What you should do → No pictures in the copy, please: retype all the records exactly.

(Items listed in a dataset)

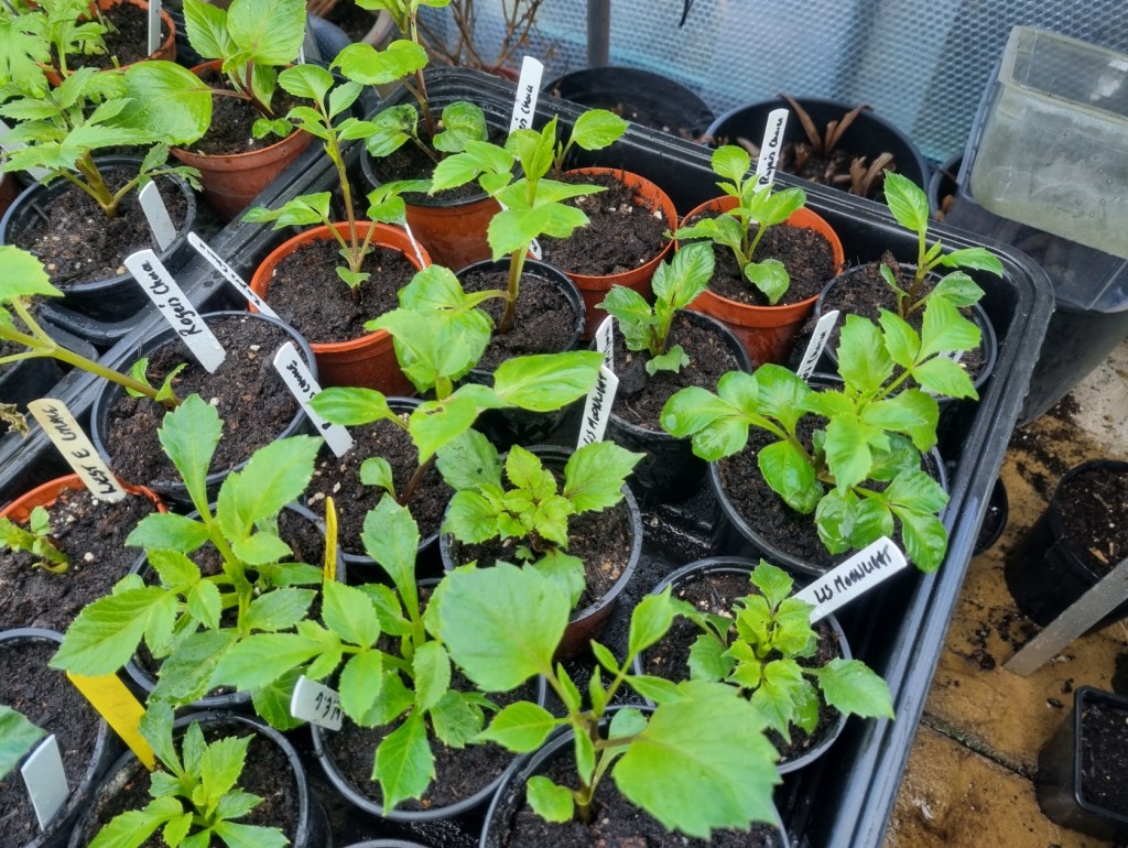 A busy time in the garden. The very first pot of dahlia cuttings is now out of the propagator – Hillcrest Charlie, Tracy Diane, and 2x Ruskin Andrea. Ready to pot up.
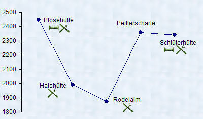 An medium difficulty 5 hour hike, some short sections are narrow and have cables like handrails, along the side. A little scrambling required on the climb to Peitlerscharte, trail is well marked. | ![]() |
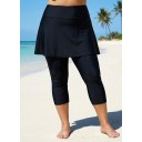 Black Flared Plus Size Modest Swimsuit Skort with Capri Leggings
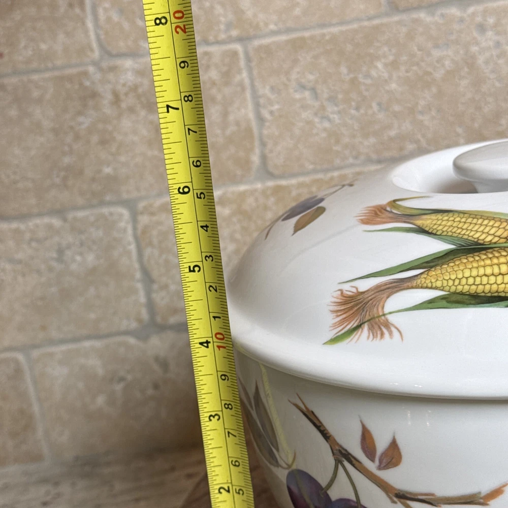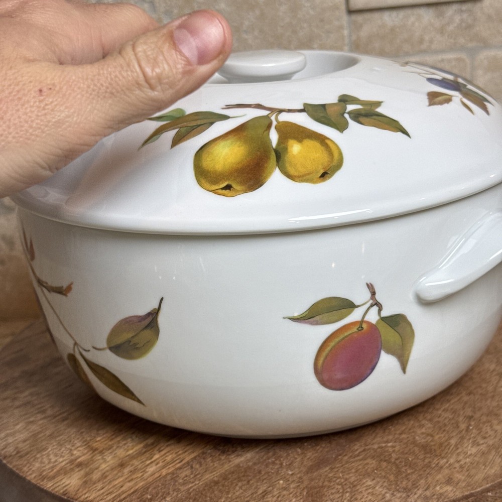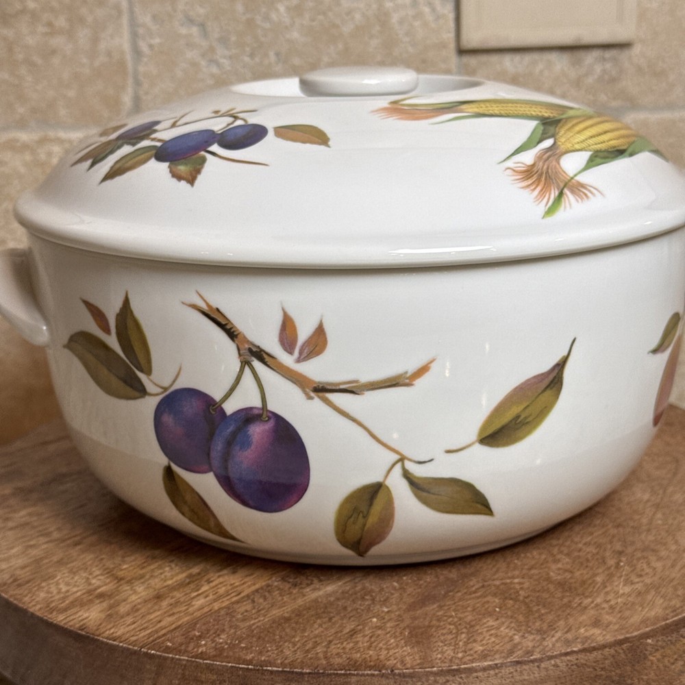 We have 4 total and all are in mint condition! A beautifully colored Royal Worcester Covered Casserole Dish decorated with sprigs of various fruits and ears of corn. The dish features gold colored handles with the lid highlighted in gold trim around the edge circumference and a gold knob. It is Made in England and hallmarked on the bottom. The Evesham pattern was first introduced in 1961 and is no longer being made. Capacity 2 1/2 Qt. to top. It measures approx. 10" Handle to Handle x 8 1/4" Diameter x 4" H. Overall height with the lid measures approx. 6"
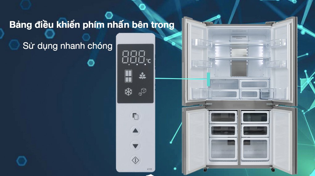 – Bảng điều khiển được bố trí bên trong tủ, nằm ở bên trái trên thành tủ của ngăn lạnh.
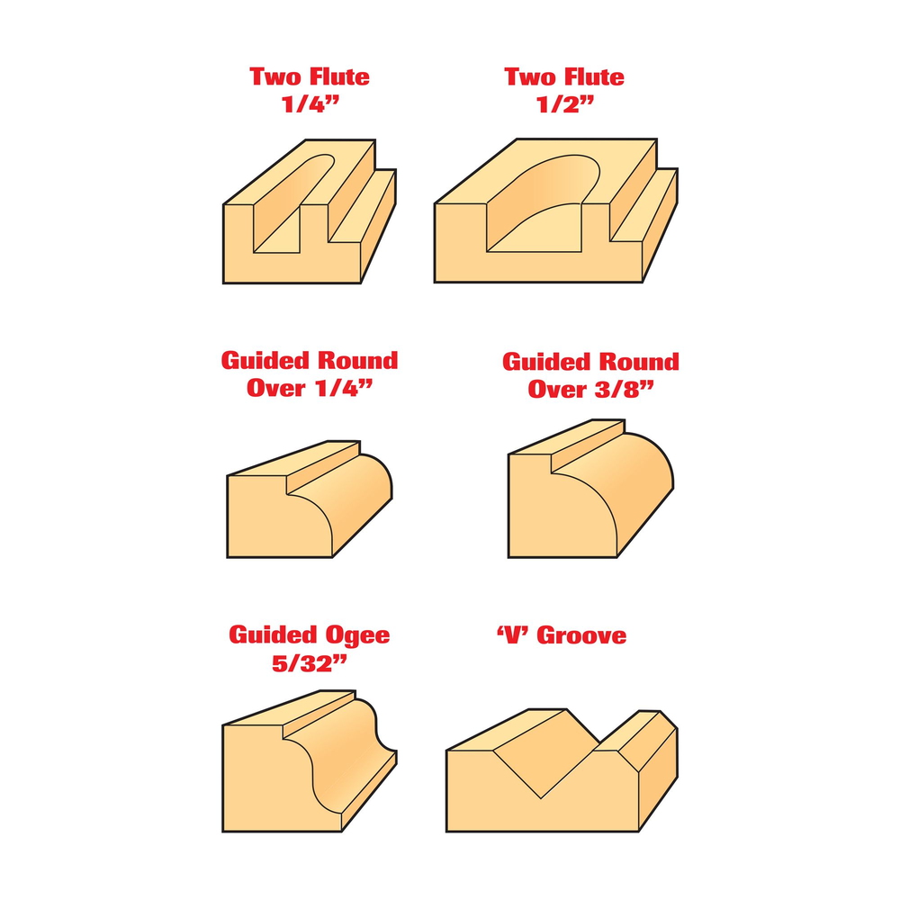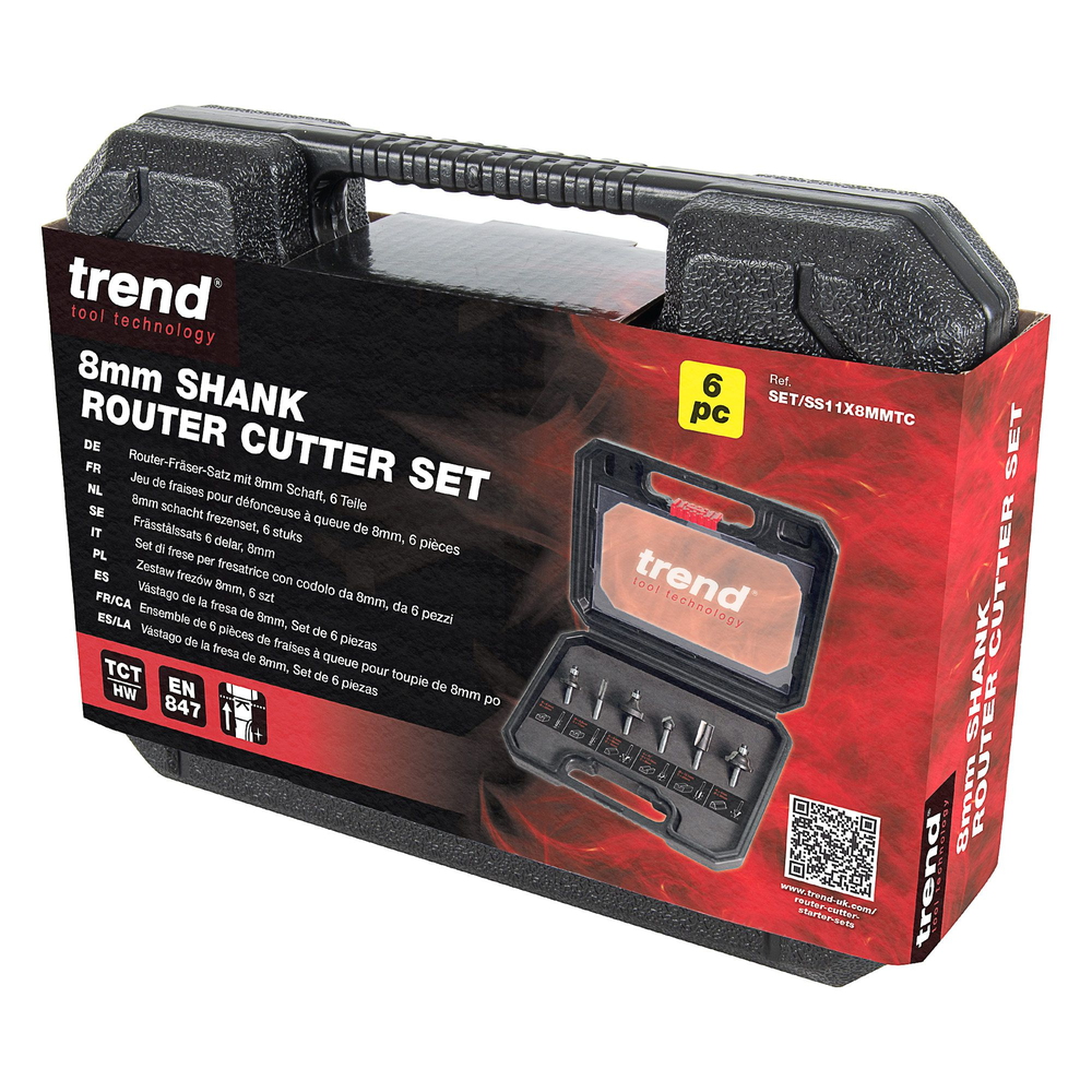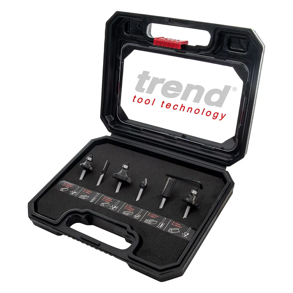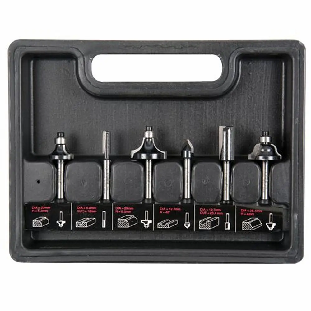 Innihald: 2 × beinar fræsitennur: 6,3 mm breidd, skurðdýpt 16 mm 12,7 mm breidd, skurðdýpt 25 mm 1 × 45° V-skeri, 12,7 mm breidd 2 × rúningsfræsitennur með legu: R6,3 mm radíus R9,5 mm radíus 1 × Roman Ogee fræsitönn með leiðbeinandi legu, R4 mm radíus Helstu eiginleikar: Skaft: 8 mm – passar í flesta minni og meðalstóra fræsara Skurðstál úr karbíti – endingargott og hentar fyrir fjölbreytt efni Geymt í sterkum, merktum plastkassa Hentar jafnt fyrir byrjendur sem vilja traustan grunnpakka sem og vanan iðnaðarmann sem þarf fjölnota sett við dagleg störf
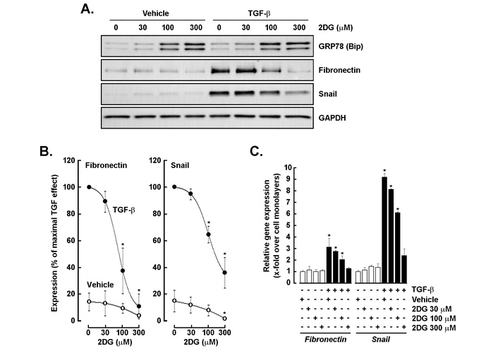 Glycolytic inhibition suppresses TGF-β-induced EMT marker expression and induces ER stress. (A) Western blot analysis of GRP78 (BiP), fibronectin, and Snail expression levels in cells treated with vehicle or TGF-β (30 ng/mL) in the presence of increasing concentrations of 2-deoxy-D-glucose (2DG; 0–300 μM). GAPDH served as a loading control. (B) Quantitative analysis of fibronectin and Snail protein levels expressed as a percentage of TGF-β-stimulated control. Densitometry analysis was performed in three independent experiments. (C) RT-qPCR analysis of fibronectin and Snail mRNA expression under the same indicated conditions. All RT-qPCR data are expressed as fold change relative to control and performed in triplicate from two independent experiments. P < 0.05 (*) values are considered significant. TGF-β: transforming growth factor-β; EMT: epithelial-mesenchymal transition; ER: endoplasmic reticulum.

Solution →
 A busy time in the garden. The very first pot of dahlia cuttings is now out of the propagator – Hillcrest Charlie, Tracy Diane, and 2x Ruskin Andrea. Ready to pot up.
 An medium difficulty 5 hour hike, some short sections are narrow and have cables like handrails, along the side. A little scrambling required on the climb to Peitlerscharte, trail is well marked. | ![]() |
 Black Flared Plus Size Modest Swimsuit Skort with Capri Leggings
 We have 4 total and all are in mint condition! A beautifully colored Royal Worcester Covered Casserole Dish decorated with sprigs of various fruits and ears of corn. The dish features gold colored handles with the lid highlighted in gold trim around the edge circumference and a gold knob. It is Made in England and hallmarked on the bottom. The Evesham pattern was first introduced in 1961 and is no longer being made. Capacity 2 1/2 Qt. to top. It measures approx. 10" Handle to Handle x 8 1/4" Diameter x 4" H. Overall height with the lid measures approx. 6"
 – Bảng điều khiển được bố trí bên trong tủ, nằm ở bên trái trên thành tủ của ngăn lạnh.
 Innihald: 2 × beinar fræsitennur: 6,3 mm breidd, skurðdýpt 16 mm 12,7 mm breidd, skurðdýpt 25 mm 1 × 45° V-skeri, 12,7 mm breidd 2 × rúningsfræsitennur með legu: R6,3 mm radíus R9,5 mm radíus 1 × Roman Ogee fræsitönn með leiðbeinandi legu, R4 mm radíus Helstu eiginleikar: Skaft: 8 mm – passar í flesta minni og meðalstóra fræsara Skurðstál úr karbíti – endingargott og hentar fyrir fjölbreytt efni Geymt í sterkum, merktum plastkassa Hentar jafnt fyrir byrjendur sem vilja traustan grunnpakka sem og vanan iðnaðarmann sem þarf fjölnota sett við dagleg störf
 Glycolytic inhibition suppresses TGF-β-induced EMT marker expression and induces ER stress. (A) Western blot analysis of GRP78 (BiP), fibronectin, and Snail expression levels in cells treated with vehicle or TGF-β (30 ng/mL) in the presence of increasing concentrations of 2-deoxy-D-glucose (2DG; 0–300 μM). GAPDH served as a loading control. (B) Quantitative analysis of fibronectin and Snail protein levels expressed as a percentage of TGF-β-stimulated control. Densitometry analysis was performed in three independent experiments. (C) RT-qPCR analysis of fibronectin and Snail mRNA expression under the same indicated conditions. All RT-qPCR data are expressed as fold change relative to control and performed in triplicate from two independent experiments. P < 0.05 (*) values are considered significant. TGF-β: transforming growth factor-β; EMT: epithelial-mesenchymal transition; ER: endoplasmic reticulum.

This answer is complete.